Location
- Preston, Victoria Australia 37°44′39″S 145°0′17″E﻿ / ﻿37.74417°S 145.00472°E

Information
- Type: Independent all-male secondary
- Established: January 2000
- Founder: Marist Brothers
- Status: closed
- Closed: January 2009
- Headmaster: Mark Sheehan
- Grades: Years 7 to 12
- Enrolment: c.500
- Affiliations: Roman Catholic, Marist Brothers

= Samaritan Catholic College =

Samaritan Catholic College was a Roman Catholic boys' high school, located in Preston, Melbourne, Australia. The College was a school founded and run in the tradition of the Marist Brothers and their founder, Saint Marcellin Champagnat.

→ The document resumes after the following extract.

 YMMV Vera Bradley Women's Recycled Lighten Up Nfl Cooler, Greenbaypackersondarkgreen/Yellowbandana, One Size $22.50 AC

Samaritan was established in 2000, as an amalgamation of two former Marist Colleges: St. Joseph's in Fitzroy North, and Redden Catholic College, which was located on the site now used by the Parade College Preston Campus. Samaritan College was a member of the Associated Catholic Colleges.

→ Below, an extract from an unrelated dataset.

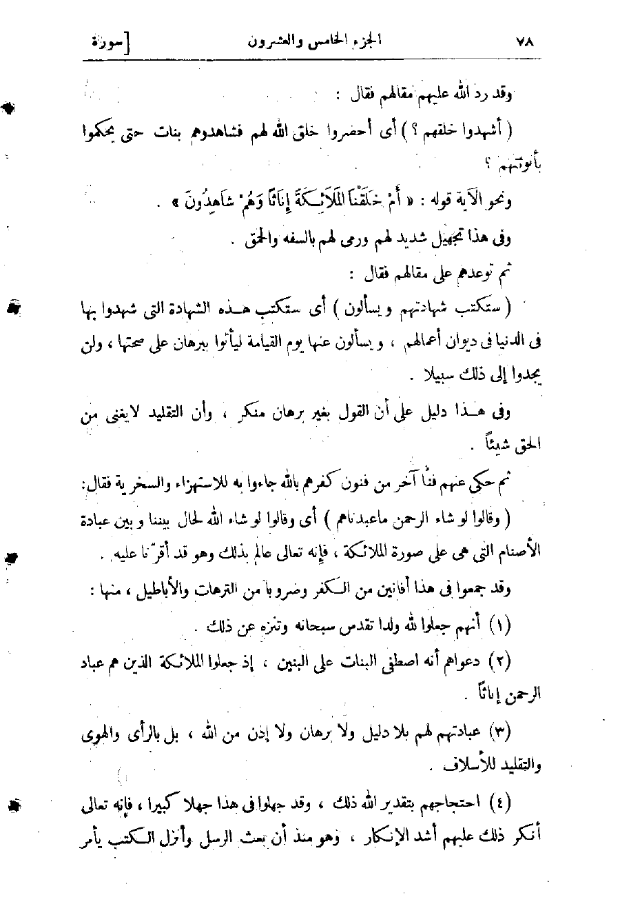 (4) احتجاجهم بتقدير الله ذلك، وقد جهلوا فى هذا جهلا كبيرا، فإنه تعالى أنكر ذلك عليهم أشد الإنكار، وهو منذ أن بعث الرسل وأنزل الكتب يأمر بعبادته

In January 2009, Samaritan Catholic College ceased to be a school in its own right due to declining numbers. Parade College now uses the site as its Preston Campus.

==History==
===St. Joseph's College, East Brunswick and Fitzroy North===
The earliest founding school of Samaritan College, St. Joseph's Marist Brothers College in East Brunswick, was established by four Marist brothers in 1930, with a starting class of one hundred and fifty boys. The school was forced to move in 1938 when the State Electricity Commission of Victoria took over the site through compulsory acquisition for a terminal sub-station. The staff and students of St. Joseph's resumed their classes at a new site, at 100 Barkly Street in Fitzroy North.

===Immaculate Heart College / Redden Catholic College===
In 1914, the first parish priest of Preston, James O'Grady, bought 5.5 acre of land and about eight houses in Clifton Grove. The Marist Brothers agreed to a request from the Archdiocese of Melbourne to build an Archdiocesan Junior Technical School on this site. However, the Second World War delayed planning for the new school, which did not eventuate until the mid-1950s.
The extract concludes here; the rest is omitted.